Supplied records -

· · · ·

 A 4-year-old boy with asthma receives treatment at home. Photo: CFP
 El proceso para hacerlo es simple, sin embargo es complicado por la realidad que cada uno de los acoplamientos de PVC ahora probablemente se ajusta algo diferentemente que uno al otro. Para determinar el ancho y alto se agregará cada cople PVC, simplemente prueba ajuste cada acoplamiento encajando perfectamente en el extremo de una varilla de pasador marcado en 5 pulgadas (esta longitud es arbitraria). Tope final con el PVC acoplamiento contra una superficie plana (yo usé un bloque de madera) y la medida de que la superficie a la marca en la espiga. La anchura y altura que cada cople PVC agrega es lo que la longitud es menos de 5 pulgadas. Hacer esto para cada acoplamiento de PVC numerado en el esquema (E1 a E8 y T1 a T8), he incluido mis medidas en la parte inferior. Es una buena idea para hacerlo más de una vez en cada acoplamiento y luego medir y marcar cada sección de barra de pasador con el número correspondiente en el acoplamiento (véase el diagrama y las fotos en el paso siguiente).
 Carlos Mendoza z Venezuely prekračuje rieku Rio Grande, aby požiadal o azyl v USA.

· · · ·

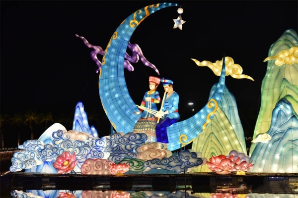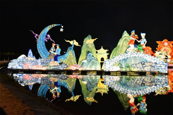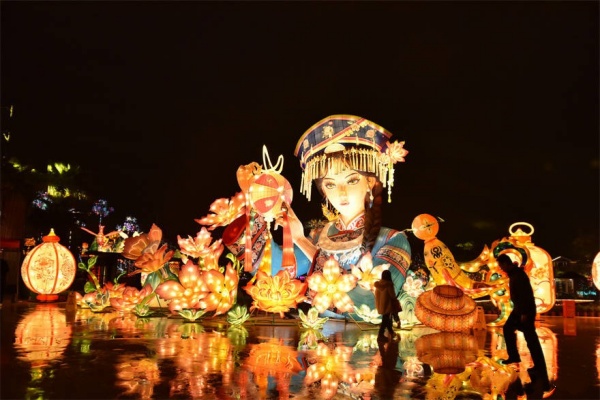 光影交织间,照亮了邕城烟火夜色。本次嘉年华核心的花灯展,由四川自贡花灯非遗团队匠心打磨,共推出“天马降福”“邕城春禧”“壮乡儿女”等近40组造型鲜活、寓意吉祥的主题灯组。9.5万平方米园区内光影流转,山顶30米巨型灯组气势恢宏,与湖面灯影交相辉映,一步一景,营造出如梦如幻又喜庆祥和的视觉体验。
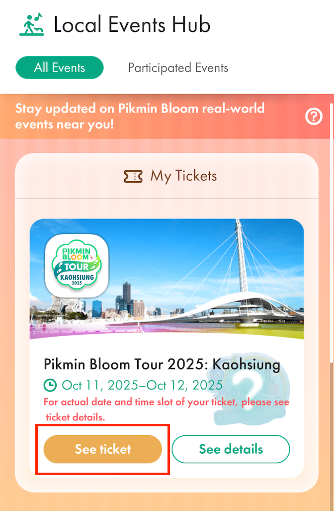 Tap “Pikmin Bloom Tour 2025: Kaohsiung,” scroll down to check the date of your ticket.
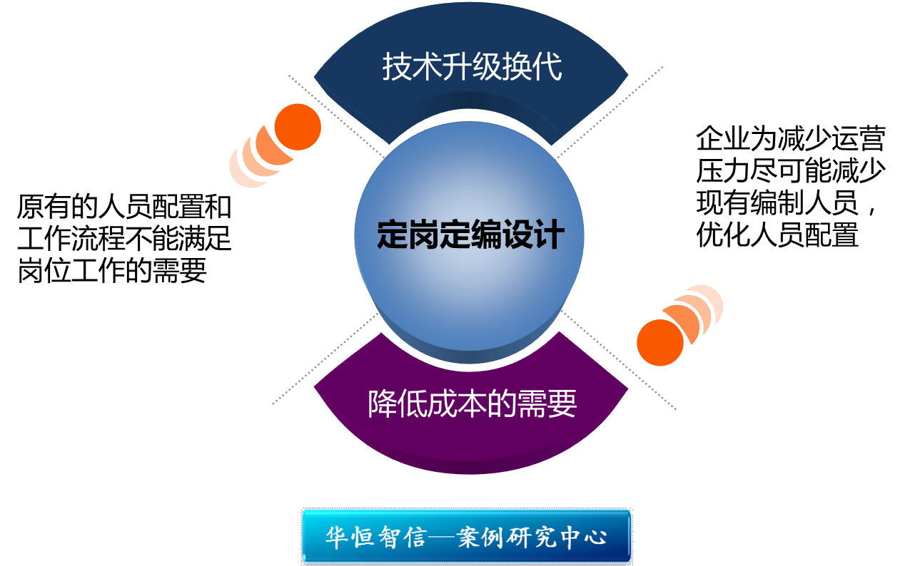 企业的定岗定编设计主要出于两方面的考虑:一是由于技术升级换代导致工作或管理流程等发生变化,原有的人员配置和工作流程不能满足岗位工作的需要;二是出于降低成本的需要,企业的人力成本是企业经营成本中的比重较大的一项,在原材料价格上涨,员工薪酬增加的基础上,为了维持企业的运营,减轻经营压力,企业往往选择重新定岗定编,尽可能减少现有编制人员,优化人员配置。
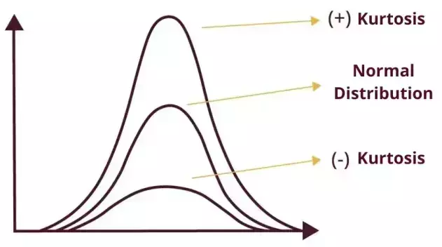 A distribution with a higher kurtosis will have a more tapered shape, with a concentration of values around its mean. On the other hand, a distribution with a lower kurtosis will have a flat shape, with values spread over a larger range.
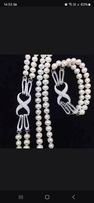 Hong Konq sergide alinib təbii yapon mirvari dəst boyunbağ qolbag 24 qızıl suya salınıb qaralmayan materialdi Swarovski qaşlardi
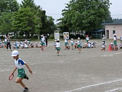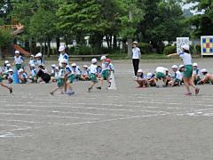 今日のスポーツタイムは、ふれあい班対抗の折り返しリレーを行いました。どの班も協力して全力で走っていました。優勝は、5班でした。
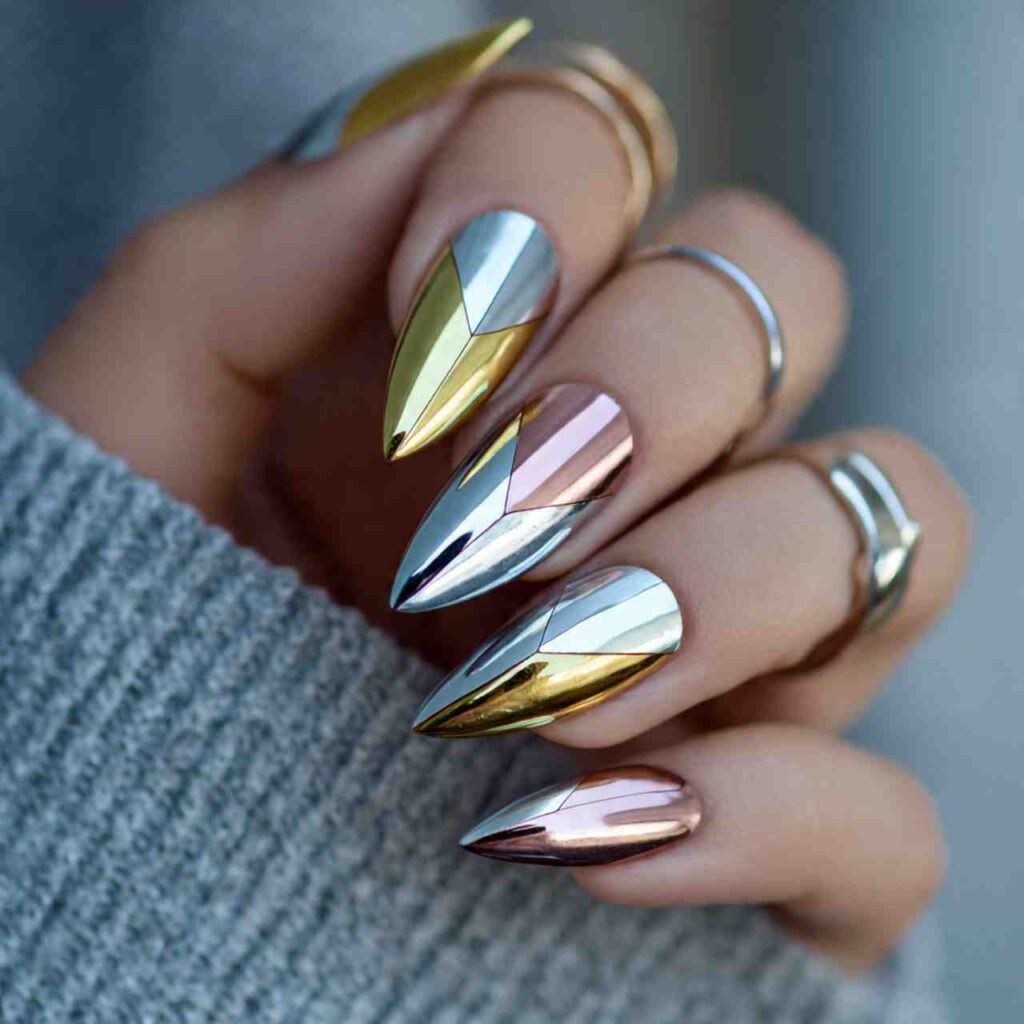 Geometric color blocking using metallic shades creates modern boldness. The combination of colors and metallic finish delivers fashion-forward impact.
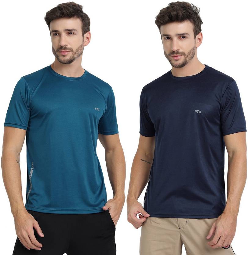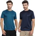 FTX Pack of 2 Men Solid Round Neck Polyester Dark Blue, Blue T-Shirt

· · · ·

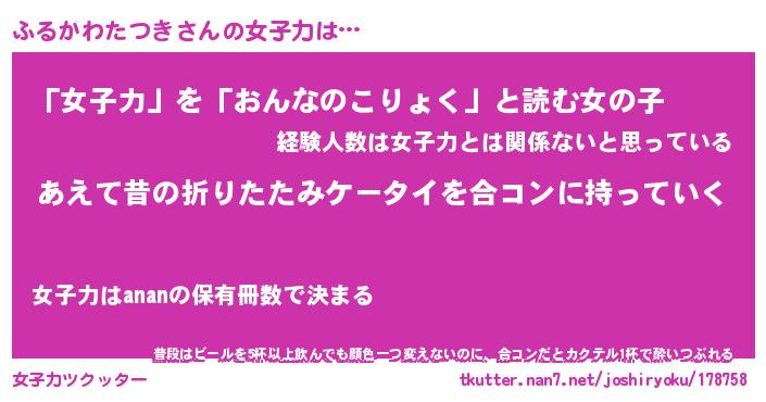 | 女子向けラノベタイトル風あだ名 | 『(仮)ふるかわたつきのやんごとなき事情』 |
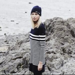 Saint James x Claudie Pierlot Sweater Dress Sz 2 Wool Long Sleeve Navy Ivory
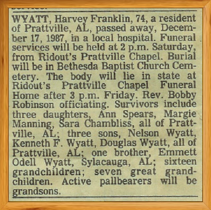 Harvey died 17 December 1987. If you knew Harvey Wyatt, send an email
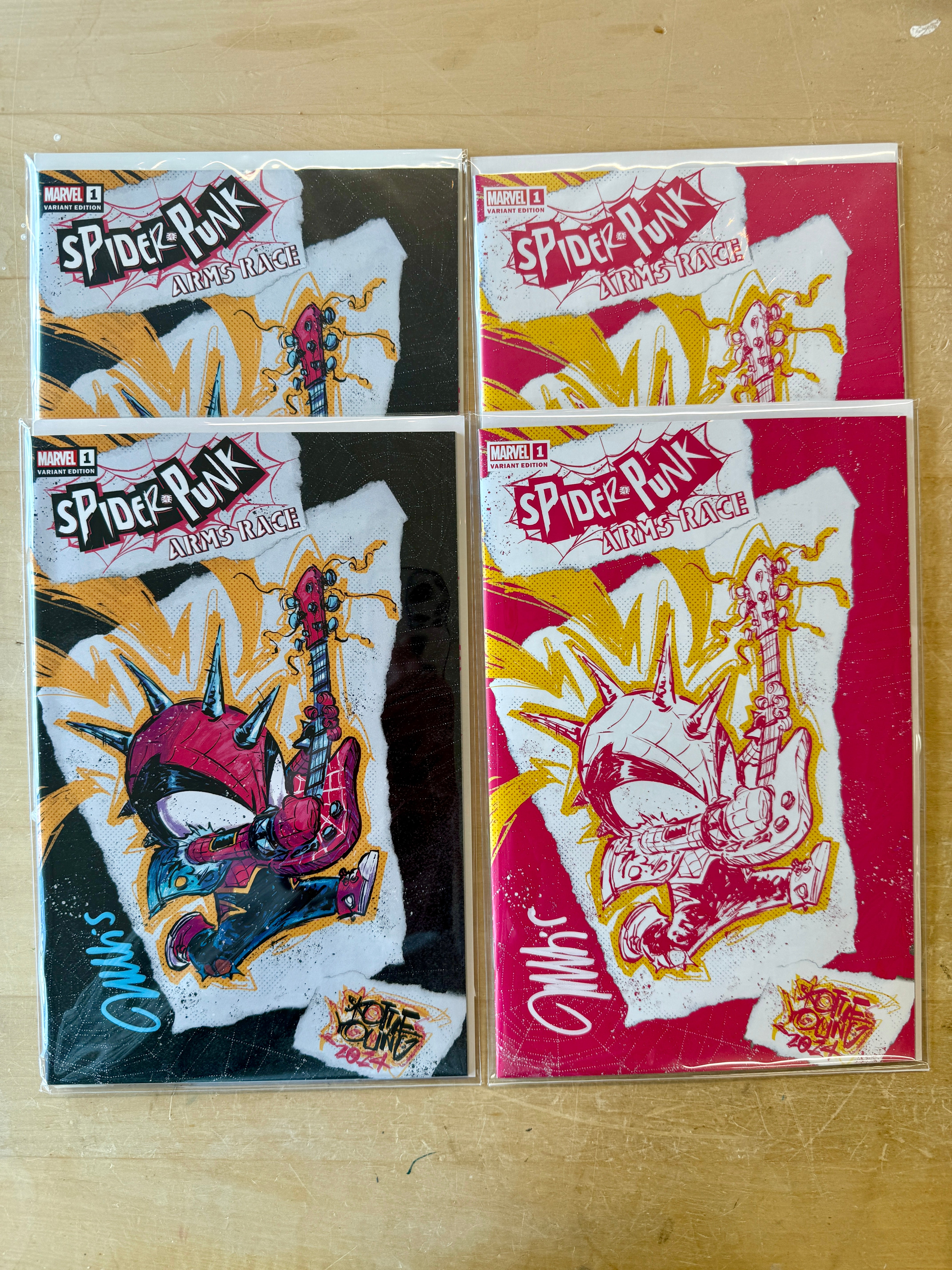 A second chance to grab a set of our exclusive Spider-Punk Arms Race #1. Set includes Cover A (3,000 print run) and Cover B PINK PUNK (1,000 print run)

· · · ·

Brief - In the listing above, find the line with "女子向けラノベタイトル風あだ名 | 『(仮)ふるかわたつきのやんごとなき事情』 |" and output it and every line after it up to and including the line with "A second chance", exactly, minus the pictures.

Solution to the problem -
 | 女子向けラノベタイトル風あだ名 | 『(仮)ふるかわたつきのやんごとなき事情』 |
 Saint James x Claudie Pierlot Sweater Dress Sz 2 Wool Long Sleeve Navy Ivory
 Harvey died 17 December 1987. If you knew Harvey Wyatt, send an email
 A second chance to grab a set of our exclusive Spider-Punk Arms Race #1. Set includes Cover A (3,000 print run) and Cover B PINK PUNK (1,000 print run)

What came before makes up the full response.